Lakewood, which was replaced on the Cup schedule in 1960 by the new superspeedway further south in Hampton, was known both as “The Grand Old Lady” and “The Indianapolis of the South.” It was built around 1915. The first automobile race there, in 1917, featured two legendary Indy car drivers, Barney Oldfield and Ralph DePalma, in a set of match races. (DePalma won the title of World Dirt Track champion when Oldfield’s car suffered a bent axle.)

One of the races that has become a big part of stock car racing lore occurred at Lakewood on Labor Day, 1941. Lloyd Seay, one of the greatest stock car drivers in the days before NASCAR, came to his home track riding an impressive win streak. It continued in the annual Labor Day Classic as Seay, driving a Modified Ford owned by Raymond Parks of Atlanta, beat another early stock car star, Bob Flock, to win the 100-miler.

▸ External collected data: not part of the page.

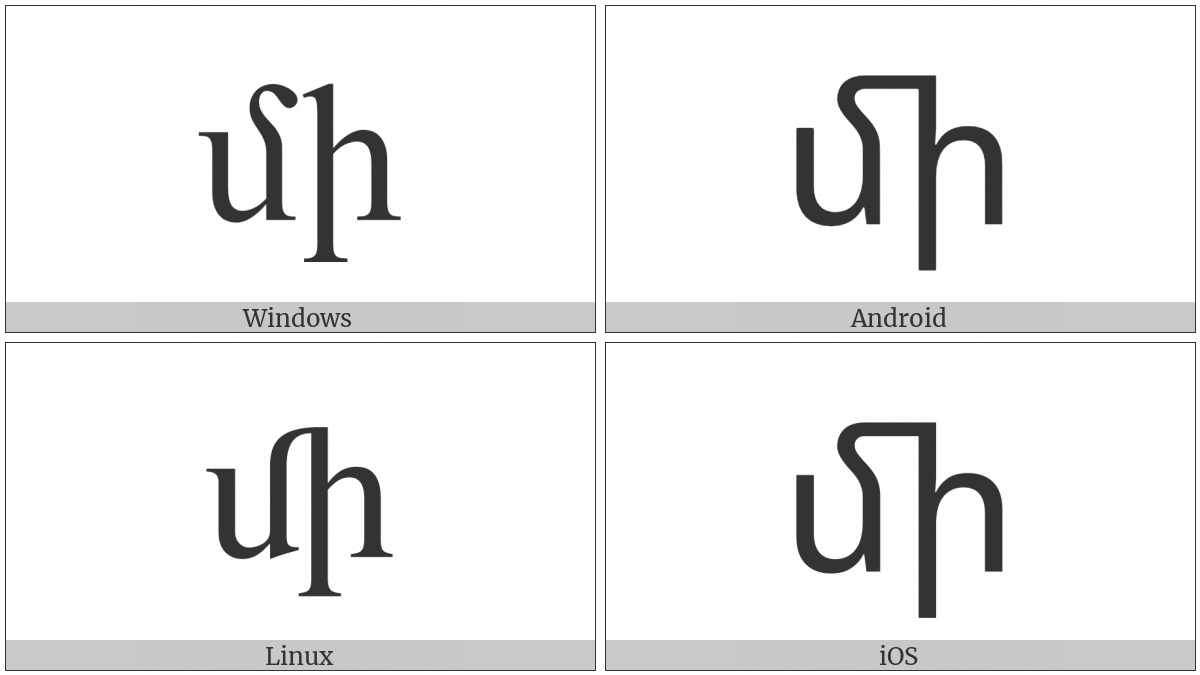 The image below shows how the “Armenian Small Ligature Men Ini” symbol might look like on different operating systems. If the font in which this web site is displayed does not contain the symbol and there is no fallback font able to render it, you can use the image below to get an idea of what it should look like.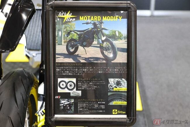 ブースには全3モデルが並べられていましたが、「ウルトラ・ビー」には前後17インチのワイヤースポークホイールにオンロードタイヤが装着され、「モタード・モディファイ」と称して「モタードホイールキット」の販売にも積極的な展示内容となっていました。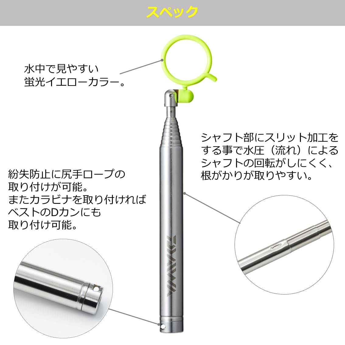 シャフト部にスリット加工をする事で水圧(流れ)によるシャフトの回転がしにくく、根掛りトラブル解消に便利。 リング部は折り畳み可能でコンパクトに!ベストのポケットに収納可能(胸ポケットのサイズにより収納できない場合がある)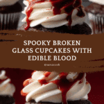 These Spooky Broken Glass Cupcakes are a show-stopping dessert perfect for Halloween or any eerie celebration. Featuring shards of shiny sugar glass and a dramatic edible blood drizzle, they combine a rich chocolate cupcake with smooth white chocolate buttercream and a luscious ganache filling.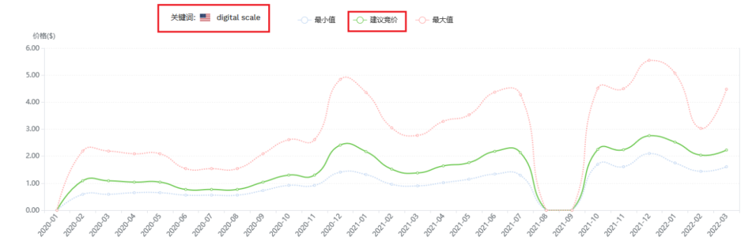 什么是农村包围城市?就是先从长尾词开始推,如果你是卖的scale,那么我不会从digital scale开始推,因为这个词的竞争程度太大,该关键词的建议竞价一般都在2美金徘徊,这个竞价跟产品售价相比,投资收益太低。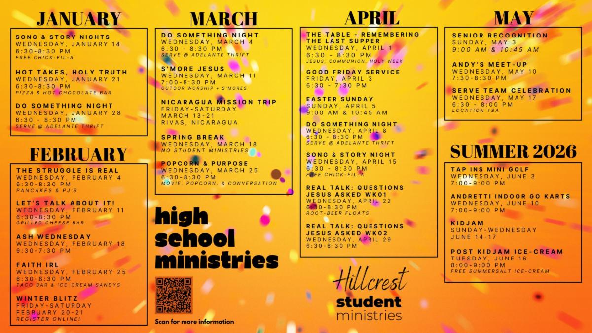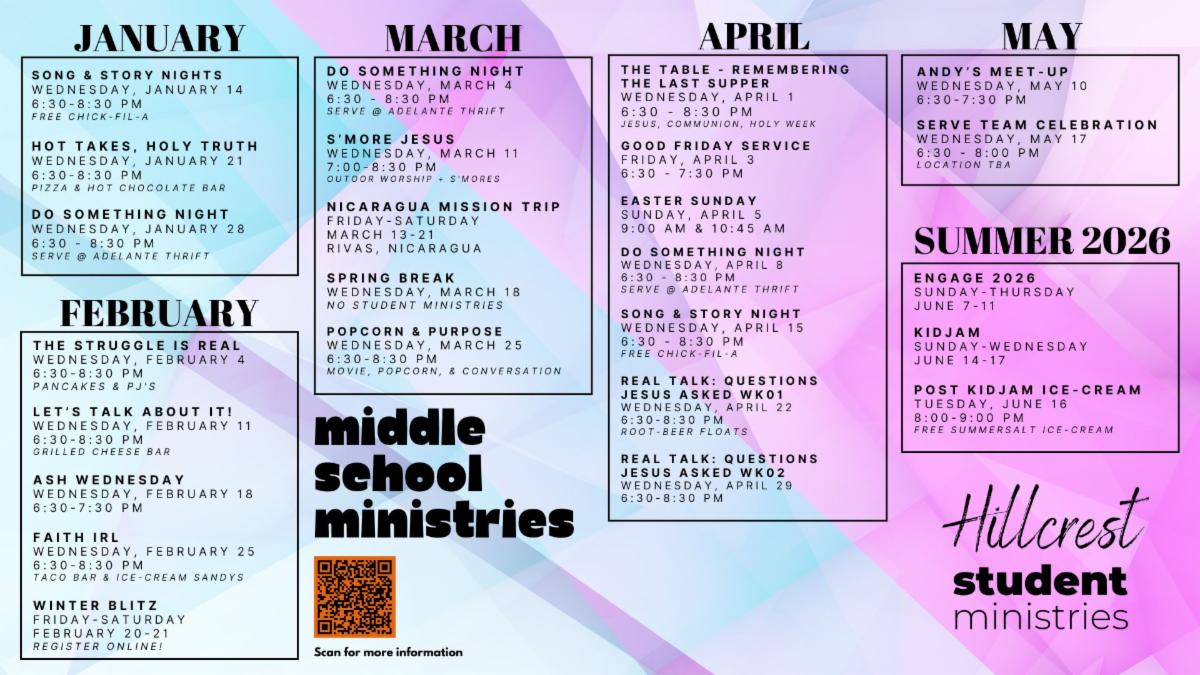 | | Check out what's happening with students at Hillcrest! Click to see Middle School or High School calendar for what's just ahead this winter and spring. | | |

It would be Seay’s last race. After the race he returned to his home in Dawson County, Ga., and the next day was shot to death by his cousin during a dispute over their moonshine business.

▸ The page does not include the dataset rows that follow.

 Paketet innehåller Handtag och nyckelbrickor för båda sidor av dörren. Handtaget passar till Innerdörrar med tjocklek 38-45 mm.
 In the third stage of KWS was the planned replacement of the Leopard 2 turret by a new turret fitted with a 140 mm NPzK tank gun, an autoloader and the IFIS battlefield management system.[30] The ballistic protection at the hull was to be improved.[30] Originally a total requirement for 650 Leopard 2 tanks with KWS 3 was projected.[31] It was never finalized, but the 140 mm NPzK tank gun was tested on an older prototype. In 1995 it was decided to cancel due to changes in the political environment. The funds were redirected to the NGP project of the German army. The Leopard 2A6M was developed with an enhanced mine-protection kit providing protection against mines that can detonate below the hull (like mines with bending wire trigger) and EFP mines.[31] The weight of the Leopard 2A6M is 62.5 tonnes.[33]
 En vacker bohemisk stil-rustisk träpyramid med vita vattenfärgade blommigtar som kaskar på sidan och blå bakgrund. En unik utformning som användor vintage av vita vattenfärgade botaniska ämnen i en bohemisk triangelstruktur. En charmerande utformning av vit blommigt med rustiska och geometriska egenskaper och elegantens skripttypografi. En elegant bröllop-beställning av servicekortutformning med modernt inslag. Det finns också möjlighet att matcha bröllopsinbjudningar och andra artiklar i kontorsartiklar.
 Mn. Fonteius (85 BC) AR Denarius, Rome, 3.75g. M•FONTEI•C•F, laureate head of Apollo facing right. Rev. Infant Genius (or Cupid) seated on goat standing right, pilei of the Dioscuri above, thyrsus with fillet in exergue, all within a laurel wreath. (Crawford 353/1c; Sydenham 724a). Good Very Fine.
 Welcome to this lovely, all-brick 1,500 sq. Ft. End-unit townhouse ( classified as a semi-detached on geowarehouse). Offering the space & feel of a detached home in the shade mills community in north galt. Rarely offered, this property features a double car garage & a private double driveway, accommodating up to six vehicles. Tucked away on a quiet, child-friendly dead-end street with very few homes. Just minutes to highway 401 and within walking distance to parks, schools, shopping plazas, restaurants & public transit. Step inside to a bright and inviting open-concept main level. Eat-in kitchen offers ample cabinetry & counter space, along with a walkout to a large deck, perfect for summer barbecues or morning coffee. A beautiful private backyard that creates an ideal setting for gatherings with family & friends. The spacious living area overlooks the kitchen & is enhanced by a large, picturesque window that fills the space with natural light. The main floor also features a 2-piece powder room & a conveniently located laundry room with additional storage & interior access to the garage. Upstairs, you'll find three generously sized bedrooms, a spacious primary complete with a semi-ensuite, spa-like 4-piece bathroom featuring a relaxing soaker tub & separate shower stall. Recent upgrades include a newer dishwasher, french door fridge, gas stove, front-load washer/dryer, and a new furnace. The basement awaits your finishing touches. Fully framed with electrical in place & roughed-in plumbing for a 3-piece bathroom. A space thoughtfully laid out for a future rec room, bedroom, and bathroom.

But Dawson County was able to regain its role as the birthplace of stock car stars thanks to the red-headed son of a local Ford dealer who went on to become “Awesome Bill From Dawsonville” and now wheels one of the most famous cars in motorsports. The Wood Brothers team also made its mark at Lakewood in the early days of NASCAR, as Glen Wood was a strong runner at Lakewood in his days behind the wheel. His best finish on the Grand Old Lady came on Labor Day weekend, 1956, when he finished second to Joe Weatherly in a Convertible race.

NASCAR’s Convertible circuit, which ran regularly from 1956 to 1959 and often ran in combined Sweepstakes races with the hardtops of the Grand National Series, featured some of the best drivers in the history of NASCAR. Its roster included several drivers who went on to win races in the Wood Brothers’ Fords. They included Weatherly, Curtis Turner, Tiny Lund and Marvin Panch. And Glen Wood was one of the circuit’s top drivers.

In 1956, his first year in the series, he had 12 finishes of second or third in 31 starts. For his Convertible career, he had five wins, 43 top-five and 62 top-10 finishes plus nine poles in just 89 starts. Lakewood was one of his favorite tracks, even if it did take the men from Stuart a few wrong turns before finding the track the first time they went there to race. “I sat on the pole there once,” Wood said. “The track could either be tacky or it could get to a dry, hard, slick finish. When it got like that you couldn’t charge into the turns like you usually do. “I remember one time Curtis Turner got there late and didn’t realize how slick the track was. I guess I should have warned him, but he went into the corner too hard and about went through the fence.”

Wood said Lakewood, in its heyday, was one of the few tracks a mile in length, and its reputation was known far and wide. “The grandstands were packed, and there would be people all around the track, even up in the trees watching the races,” he said. “It could get really dusty, but the fans didn’t seem to mind getting covered with red dust.” The dust, combined with a more modern track just down the road, doomed the old track, and it held its last race in 1979. “It’s just one of those tracks that has been lost to time,” Wood said.